INDORAYA – Pengguna WhatsApp di Indonesia dan dunia kini bernapas lega setelah Meta Platforms Inc. meraih kemenangan hukum telak atas NSO Group, pembuat spyware Pegasus, yang terbukti melanggar privasi jutaan orang melalui pelacakan diam-diam.
Putusan hakim federal AS pada 20 Oktober 2025 secara permanen melarang NSO menggunakan Pegasus untuk menargetkan atau menginfeksi pengguna WhatsApp. Putusan ini melanjutkan vonis Mei 2025, di mana perusahaan Israel itu diwajibkan membayar ganti rugi USD 168 juta (sekitar Rp2,6 triliun) atas serangan yang menargetkan 1.400 akun di 20 negara, termasuk jurnalis, aktivis hak asasi manusia, dan diplomat.
Kasus ini dimulai sejak 2019 dan menjadi tonggak penting dalam perjuangan melindungi privasi digital. Pegasus merupakan spyware zero-click yang menyusup tanpa klik, sehingga mampu mengakses pesan, lokasi, kamera, mikrofon, dan data terenkripsi tanpa sepengetahuan korban.
Kronologi kasus bermula dari penemuan Meta pada 2019. Saat itu, Pegasus mengeksploitasi kerentanan server WhatsApp untuk melakukan infeksi massal.
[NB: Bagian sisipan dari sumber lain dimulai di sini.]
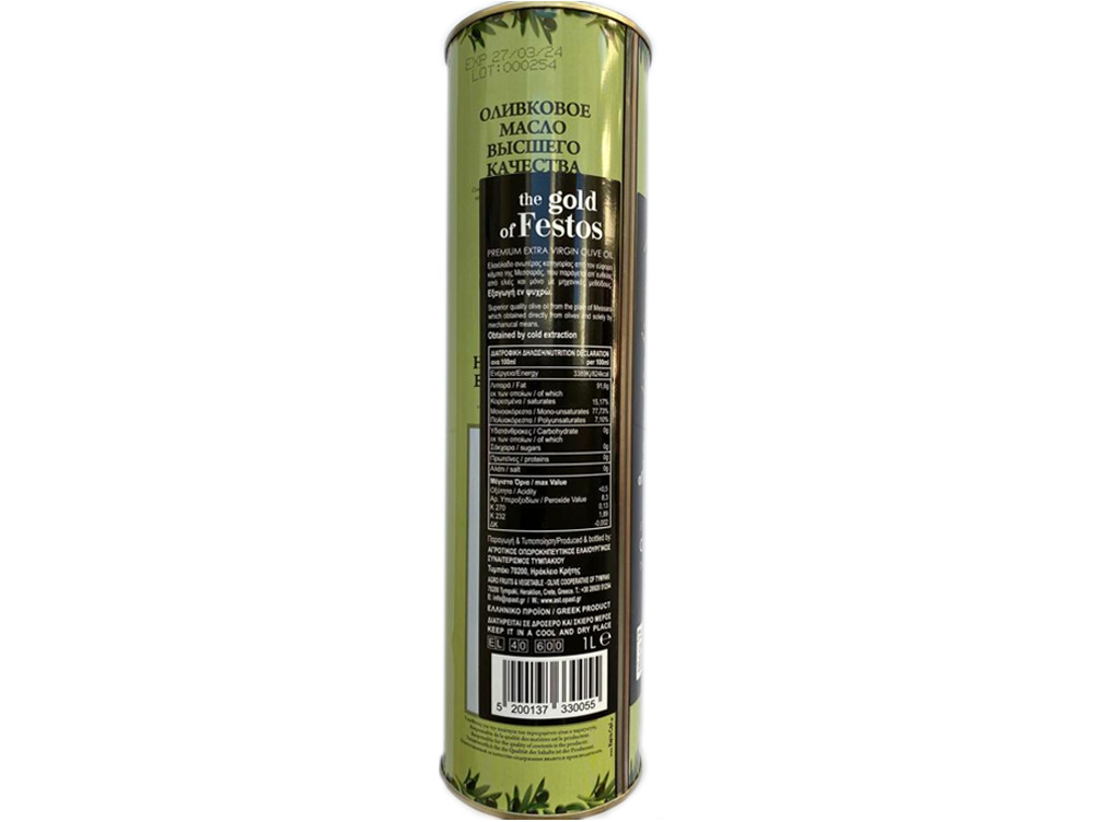 Griekse extra vierge (extra virgin) olijfolie uit Kreta. The Gold of Festos. Premium kwaliteit. In een mooi rond blik van 1 liter. Deze extra virgin olijfolie van de beste kwaliteit komt uit Zuid Kreta, uit het Messara gebied. Deze olijfolie is geperst van 1 soort olijven, de Koroneiki. (De beroemdste variëteit voor de kwalitatieve olijfolieproductie in Griekenland. )
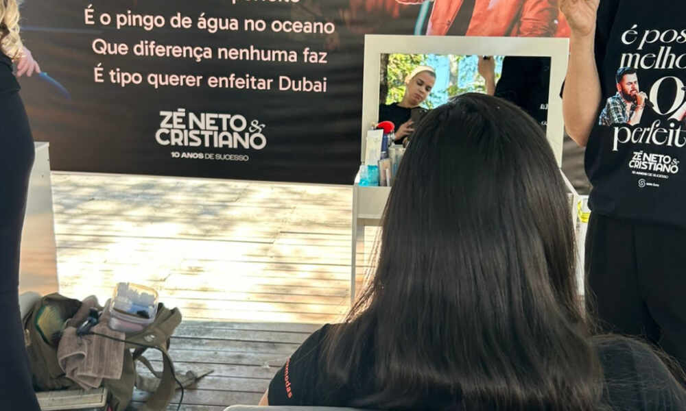 Fazendo jus a letra da nova música “Dubai”, a dupla realizou dezenas de maquiagens profissionais gratuitas nesta manhã na região da Lapa “Maquia seu rosto, pinta...
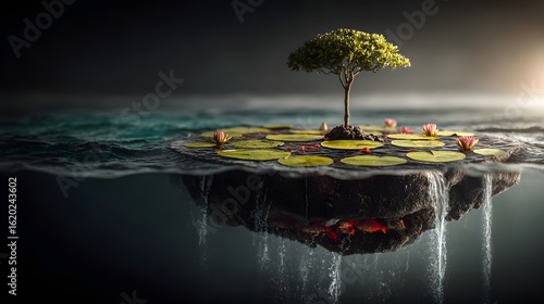 A stunning conceptual floating island resembling a tree of life, teeming with migratory birds against a serene ocean backdrop.
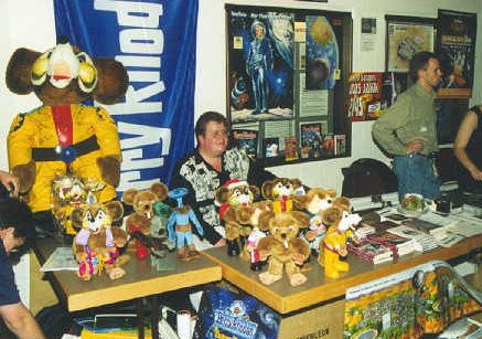 Am Stand der PRFZ konnte man bereits die neue Generation von Plüsch-Guckys bewundern, allesamt Prototypen, die noch nicht zum Verkauf standen - Iltu, Jumpy, Admiral Gecko, Gucky mit Weihnachtsmannmütze, Gucky in der Badehose und als Nachbildung der alten Original-Figur. Und über allen thronte der Ilt in Lebensgröße. Außerdem waren ein Topsider und ein Blue zu sehen, die es aber nicht vor nächstem Jahr geben wird.
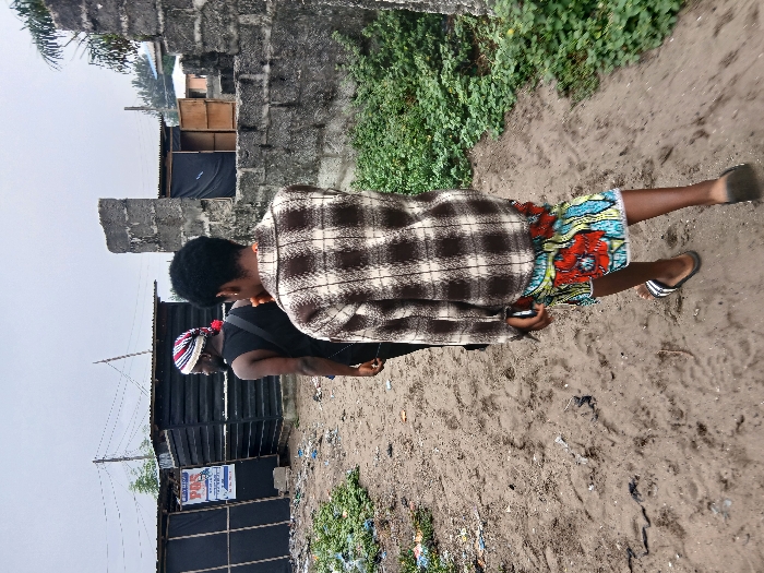 Two individuals traverse a sandy terrain littered with debris, adjacent to a building. One person wears a checkered, brown and white jacket paired with a floral skirt and sandals. The other wears a black shirt and a colorful head covering. The background features a dilapidated structure with a black facade, overgrown with vegetation and the remains of old walls. The sky is overcast, lending to a muted color palette in the scene.
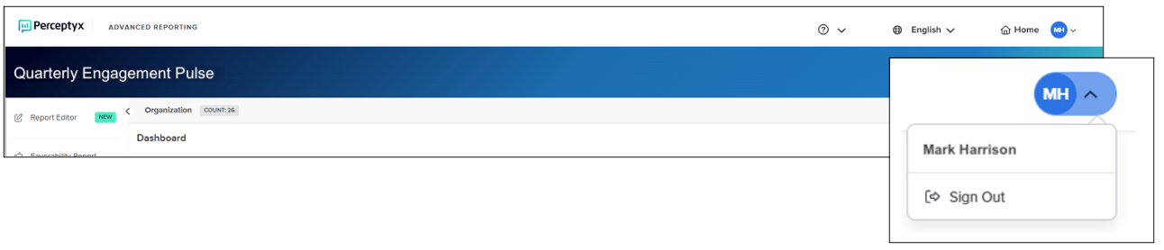To end both the reporting session and the platform session, click your initials in the top navigation bar and then click Sign Out.

Eksploitasi ini memungkinkan pemerintah dan aktor negara memantau komunikasi pribadi. Pada Mei 2019, serangan menargetkan 1.400 perangkat. Di Indonesia, aktivis lingkungan dan jurnalis investigasi dilaporkan menjadi korban potensial, meski data spesifik lokal masih dirahasiakan.
Hakim Phyllis J. Hamilton pada Desember 2024 menyatakan bahwa NSO melanggar hukum federal dan negara bagian AS. Pelanggaran terjadi karena NSO melakukan reverse-engineering aplikasi WhatsApp dan menggunakan teknik stealth untuk instalasi spyware. Vonis Mei 2025 menambahkan USD 444.719 sebagai kompensasi dan USD 167,3 juta sebagai hukuman. Meski demikian, hakim mengurangi hukuman dari USD 167 juta awal untuk membatasi rasio antara kompensasi dan hukuman.
Pada Oktober 2025, putusan larangan permanen menegaskan kerugian bisnis Meta. Kerugian muncul dari pelanggaran enkripsi end-to-end WhatsApp, yang menjadi fondasi kepercayaan 2 miliar pengguna global—termasuk 100 juta di Indonesia. Will Cathcart, kepala WhatsApp, menyatakan, “Putusan ini melarang NSO menargetkan WhatsApp selamanya. Ini merupakan langkah krusial untuk privasi global.”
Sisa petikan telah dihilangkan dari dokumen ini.